When I returned, Tom was spattered with gore, looking like some sort of macabre butcher. Draug still crouched, sniffing around where Masha’s body had been. Through their huddled bodies, I spotted bones, tufts of black hair. I looked away, sickened to my soul.

“Nobody can pin this on you now,” Tom said.

I nodded, tried to say the words “Thank you.”

Mei looked as shaken as I felt, and I went to her, linking my arm in hers.

Tom began to walk up the beach, farther away from campus, beckoning us to follow. Even though it meant missing class, going way too much farther from the path and surely sealing some grim punishment for ourselves, we followed.

I dared not refuse him. I owed him.

I turned and looked back at the Draug. “What about them?”

He waved it off. “They’re more scared of this island than you are. They’ll go back to their pens now. They like it familiar.”

Apparently, at its heart, a Draug was no more than a frightened, feral child. The concept astounded me.

We walked for some time, and I guessed I was committed now. Far away and in deep—too far from the dungeons to help Carden. And now I wasn’t even sure if I’d be able to help my own self, either.

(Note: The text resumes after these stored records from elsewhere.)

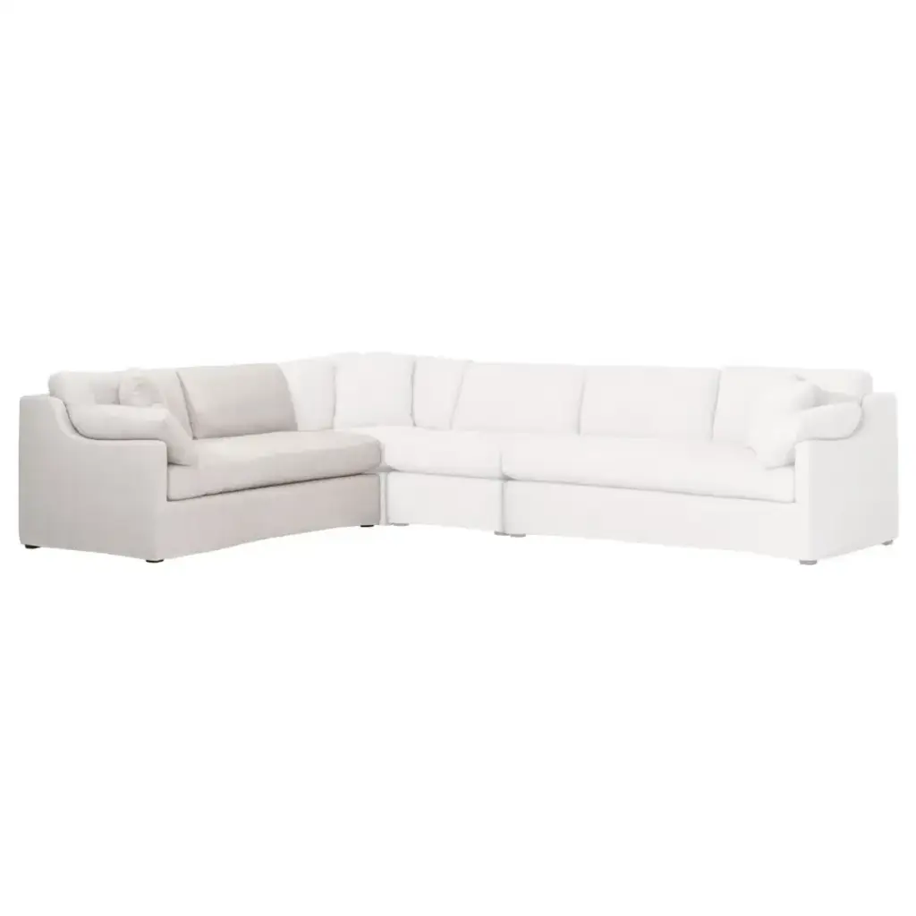 Create the sofa of your dreams with this modular sofa set. The pieces of this sofa are sold individually so you can design a sofa to fit for your space. This piece is the 2-Seat Left Arm Sofa. It is constructed with an 8-way hand tied suspension and cushions filled with a poly and down blend for ultimate comfort. Each piece of this modular sofa contains an undermount metal snap to link each piece to prevent sliding, movement and gaps between pieces. This sofa will fit well in many settings, as it has a bisque-colored fabric that is neutral and appealing with many other color combinations and décor styles.
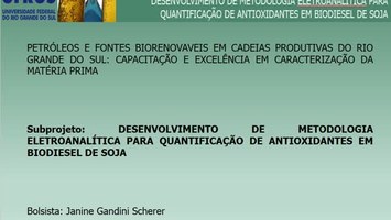 00201271. (05/09/2014). Desenvolvimento de metodologia eletroanalítica para quantificação de antioxidantes em biodiesel de soja. Recuperado 28/01/2026, de Finova 2014 Web site(s): http://videos.ufrgs.br/finova2014/desenvolvimento-de-metodologia-eletroanalitica-para-quantificacao-de-antioxidantes-em-biodiesel-de-soja.
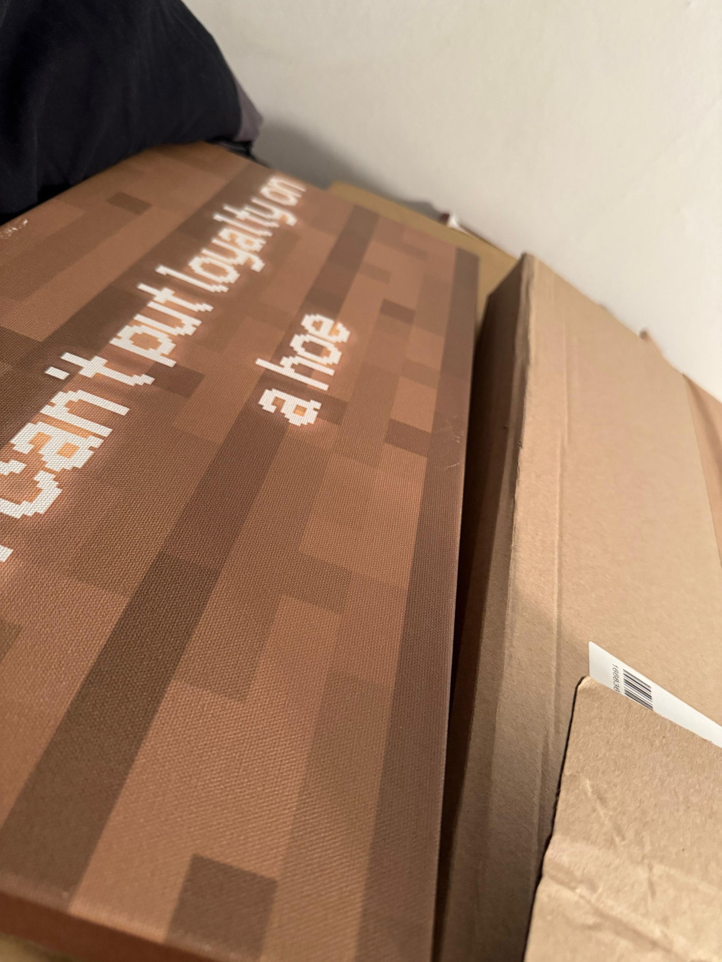 “I was worried it’d just be a flat print slapped on a canvas, but the texture and colors are SO well done. It actually looks 3D like in the game! Also, I asked a question about customizing the text and got a reply the same day — amazing support.”
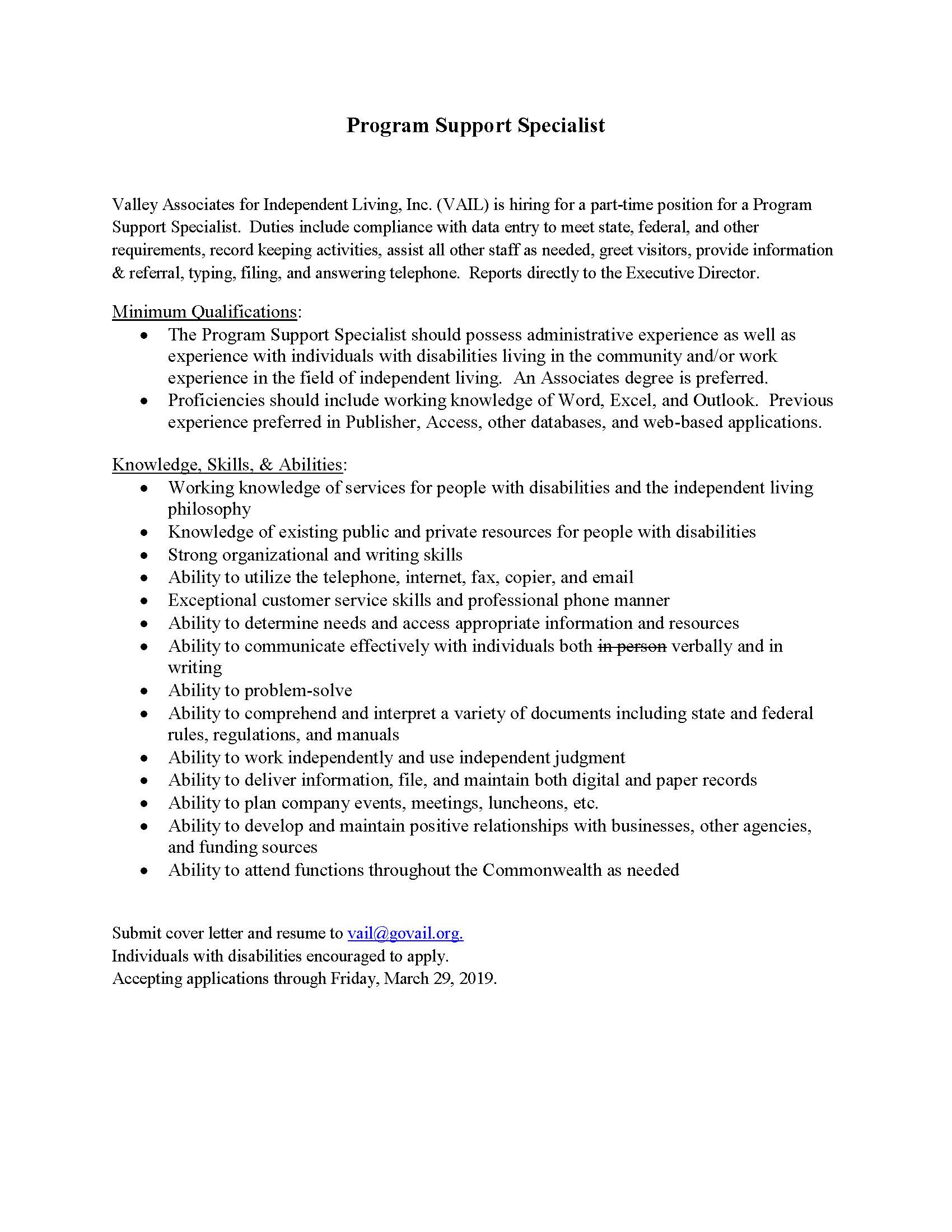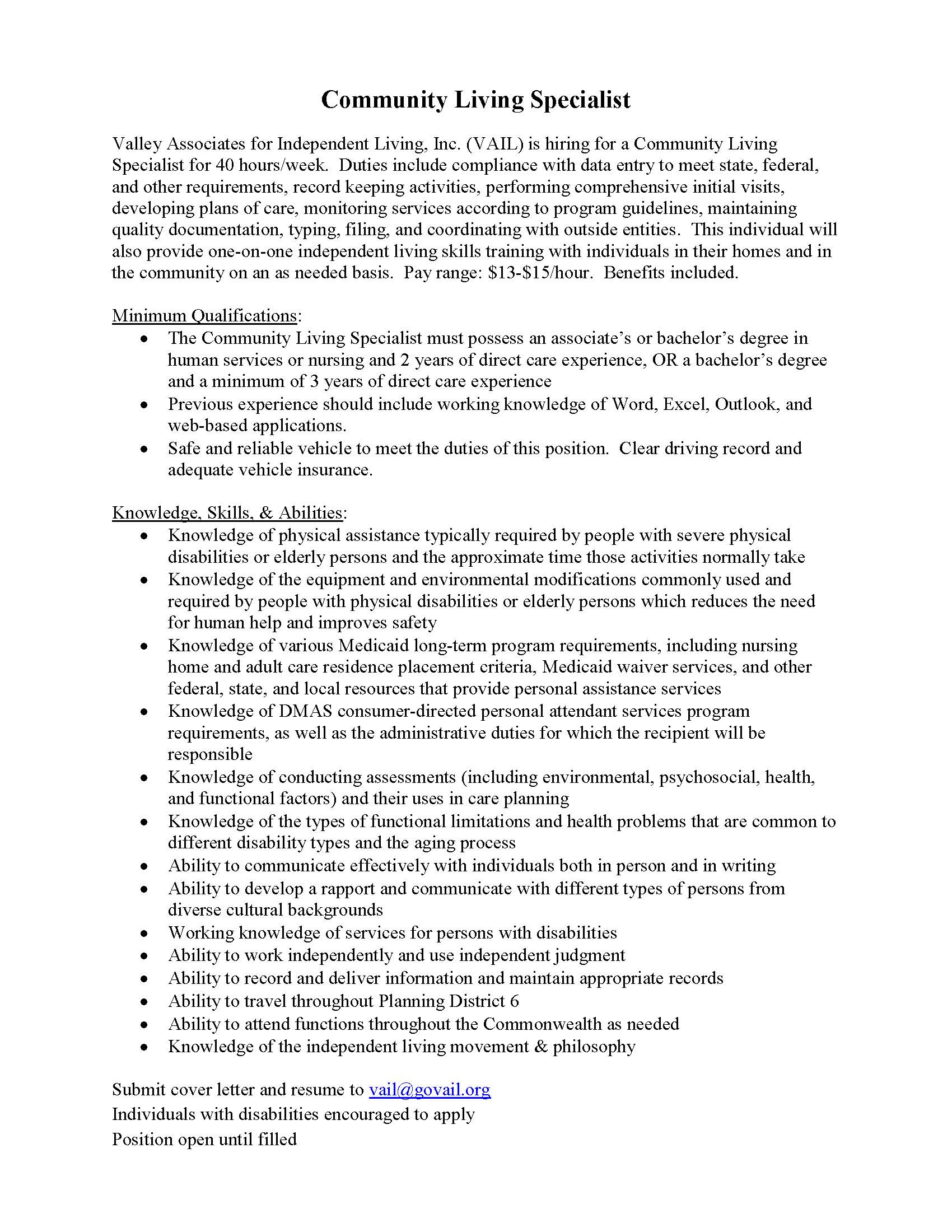 VAIL is hiring for a full-time Community Living Specialist and a part-time Program Support Specialist. Please send a resume and cover letter to vail@govail.org. Individuals with disabilities are encouraged to apply.
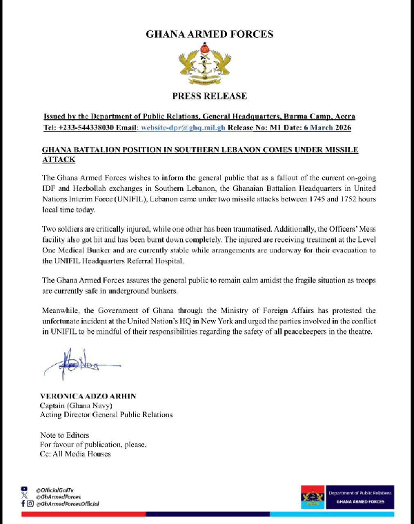 Two Ghanaian peacekeepers have been critically wounded after a missile attack slammed into their United Nations base in southern Lebanon, leaving the camp in chaos and sending shockwaves through Ghana’s military and diplomatic circles.

To take my mind off my nerves, I asked, “Why’d you help us?”

“Help comes to them who help themselves.”

I frowned at him. The way he spoke in riddles confused me, and my patience was flagging as quickly as my courage. “What does that mean?”

“Maybe it’s that you’ve got a heart. Maybe I’m bored. Maybe you’re different.” He cackled and shook his head. “Or maybe I just helped because I like the look of you two.”

We grew quiet as the beach grew rockier and harder to traverse. Eventually we came to a small cove I’d never seen before.

Tom hiked away from the water toward the cliff wall and disappeared into a sea cave. “Come on then,” he shouted from inside. “Don’t got all day.”

We followed him in, and the stench was overpowering. I hid my nose in the crook of my elbow to dull the acrid tang of urine stinging my nostrils. I smelled dung, too, and over it all was the cloying sweet smell of hay. “What, is this like your barn annex or something?”

My eyes adjusted to the dimness, and I saw there was a boat pulled up onto the rocks. Bits of hay were strewn all along the cave floor. “Wait,” I said. “It smells like a barn because it is like a barn.”

“I got a boat, you see.” Tom gave a weighty nod toward it. Nodded back to us. “How do you think I get the goats here? We go through the things pretty quick.”

It was a flat-bottomed craft, maybe twice the size of Ronan’s rowboat, only this one had an ancient engine to propel it. Old boards walled off one end into a makeshift corral, piled with old hay.

Just right for a girl to escape.

I glanced back at Tom, and the smile in his eyes told me he’d thought the same thing.

This was my chance. It was my moment.